The Board may redeem all but not less than all the Rights at
$0.01 per Right (the "Redemption Price") at any time prior to the
earliest of (i) the expiration of ten days after the Stock
Acquisition Date and (ii) the Final Expiration Date. Upon
redemption by the Board, the Right will terminate and the only
right of the holders of the Rights will be to receive the
Redemption Price.
No supplement or amendment to the Rights Agreement may be
made to change the Redemption Price, the Final Expiration Date,
the Purchase Price or the number of shares of Common Stock for
which a Right is exercisable. Prior to the Distribution Date,
however, the Company may amend or supplement any other terms of
the Rights Agreement. After the Distribution Date, the Company
may amend or supplement any terms of the Rights Agreement, other
than those specified in the first sentence of this paragraph,
except that the Company may not amend the Rights Agreement to
lengthen (i) a time period relating to when the Rights may be
redeemed at such time as the Rights are not then redeemable or
(ii) any other time period unless such lengthening is for the
purpose of protecting, enhancing or clarifying the rights or
benefits of the holders of the Rights.
The Purchase Price payable, the number of Preferred Shares
or other securities or property issuable upon exercise of the
Rights and the number of Rights outstanding are subject to
adjustment from time to time by the Company to prevent dilution
(i) in the event of a stock dividend on, or a subdivision,
combination or reclassification of the Preferred Shares, (ii)

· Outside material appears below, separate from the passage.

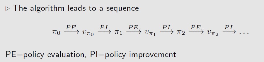 初始化π0,然后进行policy evaluation得到v,再进得policy improvment得到π1….迭代下去

upon the grant to holders of the Preferred Shares of certain
rights or warrants to subscribe for or purchase Preferred Shares
at a price, or securities convertible into Preferred Shares with
a conversion price, less than the then current market price of
the Preferred Shares, or (iii) upon the distribution to holders
of the Preferred Shares of evidences of indebtedness or assets or
of subscription rights or warrants (other than those referred to
above).
The number of outstanding Rights and the number of one
onehundredths of a Preferred Share issuable upon exercise of each
Right are also subject to adjustment in the event of a stock
split of the Common Stock or a stock dividend on shares of Common
Stock payable in shares of Common Stock, or consolidations or
combinations of the shares of Common Stock occurring, in any such
case, prior to the Distribution Date.
With certain exceptions, no adjustment in the Purchase Price
will be required until cumulative adjustments amount to at least
l% of the Purchase Price.
As of August 14, 1997, there were 8,614,986 shares of Common
Stock issued and outstanding and 210,619 shares of Common Stock
reserved for issuance pursuant to the Company's Dividend
Reinvestment and Common Stock Purchase Plan and 401(k) Employee
Savings Plan. If the Company should issue or sell shares of
Common Stock pursuant to such plans prior to the redemption of
the rights or the Final Expiration Date, the Company shall, if
applicable, issue the appropriate number of new Rights
Certificates (subject to specified limitations described in the
Agreement). If the Company should otherwise issue or sell
additional shares of Common Stock, the Company may, if
applicable, issue the appropriate number of Rights Certificates.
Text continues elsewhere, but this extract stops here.